OpenAI Chief Executive Officer Sam Altman has robustly rejected widespread concerns about the water consumption of artificial intelligence systems, labelling such claims as "completely untrue" and having "no connection to reality". The comments were made during a public interview at a major AI summit in India, hosted by The Indian Express.
Addressing environmental criticisms frequently levelled at the AI industry, Altman stated that fears over AI's water usage are "totally fake," acknowledging it was a genuine issue only in the era of evaporative cooling in data centres. "Now that we don’t do that, you see these things on the internet where, ‘Don’t use ChatGPT, it’s 17 gallons of water for each query’ or whatever," he said. "This is completely untrue, totally insane."
Shifting the Debate to Total Energy Consumption
While dismissing water usage concerns, Altman conceded it is "fair" to examine the sector's overall energy consumption. "Not per query, but in total, because the world is now using so much AI," he explained. His proposed solution is a rapid global transition towards nuclear, wind, and solar energy to power this growing demand.
The tech industry faces no legal mandate to disclose its energy and water usage, leading scientists to conduct independent studies. Data centres have already been linked to rising electricity prices in some regions. When questioned on a specific claim that a single ChatGPT query uses energy equivalent to 1.5 iPhone battery charges, Altman was unequivocal: "There’s no way it’s anything close to that much."
A Novel Comparison: AI vs.
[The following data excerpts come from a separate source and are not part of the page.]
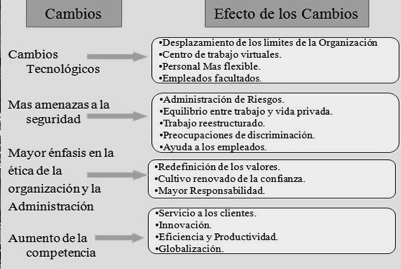 Cambios en el trabajo del gerente:Dos cambios significativos: Importancia creciente de los clientes (proporcionar un servicio al cliente de calidad) y innovación (explorar nuevos territorios, correr riegos y adaprtarse a los cambios).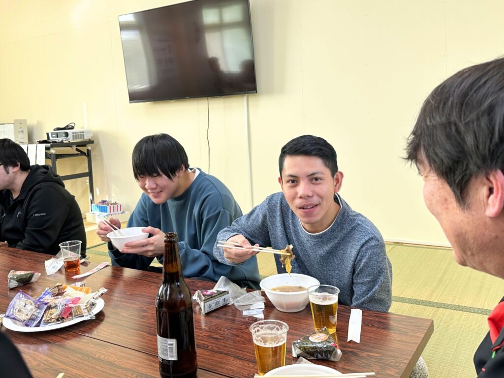 そして、ボウリングで心地よい汗を流した後は、お待ちかねの「クマ鍋の会」です! なんとこのクマ鍋、毎年、会長が時間をかけてじっくりと調理して皆にふるまってくれる特製の一杯です。お肉は驚くほど柔らかく、熊肉特有のクセも無いとても美味しい仕上がりで、社員の胃袋をすっかり掴んで大好評でした。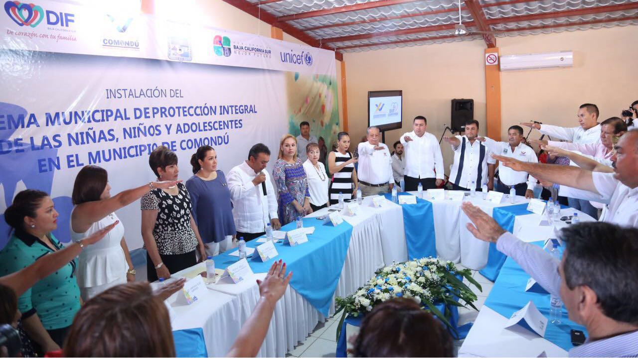 En el marco de referencia de la Convención sobre los Derechos de la Infancia, que obliga a brindar educación, información, alimentación, cariño y bienestar, entre otras cosas; a la niñez y adolescencia sudcaliforniana; la Presidenta del Sistema Estatal para el Desarrollo Integral de la Familia (SEDIF), Gabriela Velázquez de Mendoza, tomó protesta a los integrantes del Sistema de Protección Integral de Niñas, Niños y Adolescentes, en el municipio de Comondú.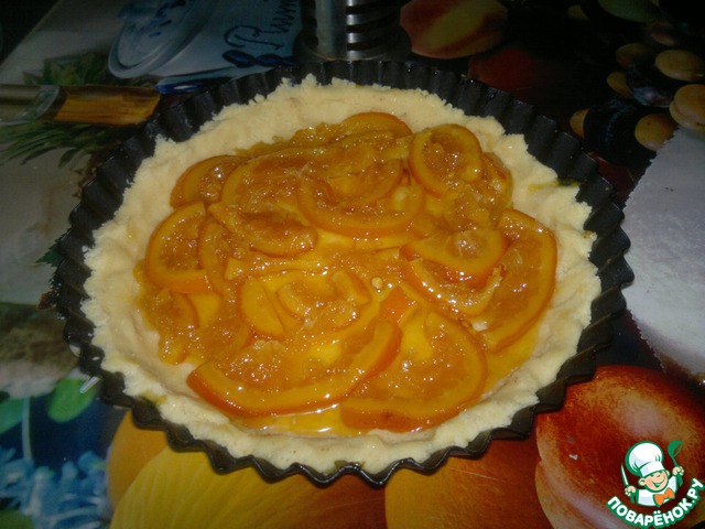 Укладываем наше тесто в форму (не смазывать). Делаем бортики (иначе наша начиночка вытечет и подгорит). Выкладываем варенье. ВНИМАНИЕ: лучше брать густое варенье (смородина, к примеру), но НИКАК НЕ КЛУБНИЧНОЕ. В моем случае это апельсиновое варенье. И то, я отжимала лишний сок. Так как из-за этого "сока" тесто очень промокает (что не есть хорошо) и весь смысл теста теряется.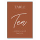 Modern table numbers elevate your wedding reception table décor. The design features an elegant script font in white on a burnt orange earth tone background perfect for a fall wedding or banquet event. Order each table number from the collection or edit this card for each number needed. The design is printed on both sides.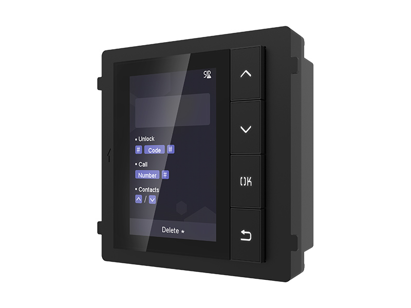 Modul s barevným 3,5" LCD displejem pro modulární systém videotelefonů Hikvision 2. generace; zobrazuje aktuální činnost systému nebo umožňuje zobrazit jmenný seznam účastníku s možností jejich výběru a zazvonění; ovládání je prováděno pomocí čtyřech bočních tlačítek; v nečinnosti je tento modul zhasnutý; určeno pro IP systém i 2-vodičový systém.

Human Training
Altman presented a controversial counter-argument to critiques focusing on the energy cost of training large AI models. He contended that such comparisons are "unfair" if they do not account for the immense resources required to educate a human.
"It takes like 20 years of life and all of the food you eat during that time before you get smart," Altman stated. "And not only that, it took the very widespread evolution of the 100 billion people that have ever lived and learned not to get eaten by predators and learned how to figure out science and whatever, to produce you."
He argued the equitable metric is the energy required for a trained AI model to answer a single query versus the energy a human would use for the same task. "And probably, AI has already caught up on an energy efficiency basis, measured that way," he concluded.
Context and Industry Scrutiny
The interview, available online with the relevant segment beginning at 26:35, occurs amid intensifying scrutiny of the environmental footprint of major technology firms. The discussion highlights a central tension between rapid AI advancement and sustainable development, a debate with significant implications for global climate policy and corporate responsibility.
As AI integration accelerates worldwide, the demand for transparency regarding its resource use and the search for clean energy solutions are likely to become increasingly prominent in both public discourse and regulatory frameworks.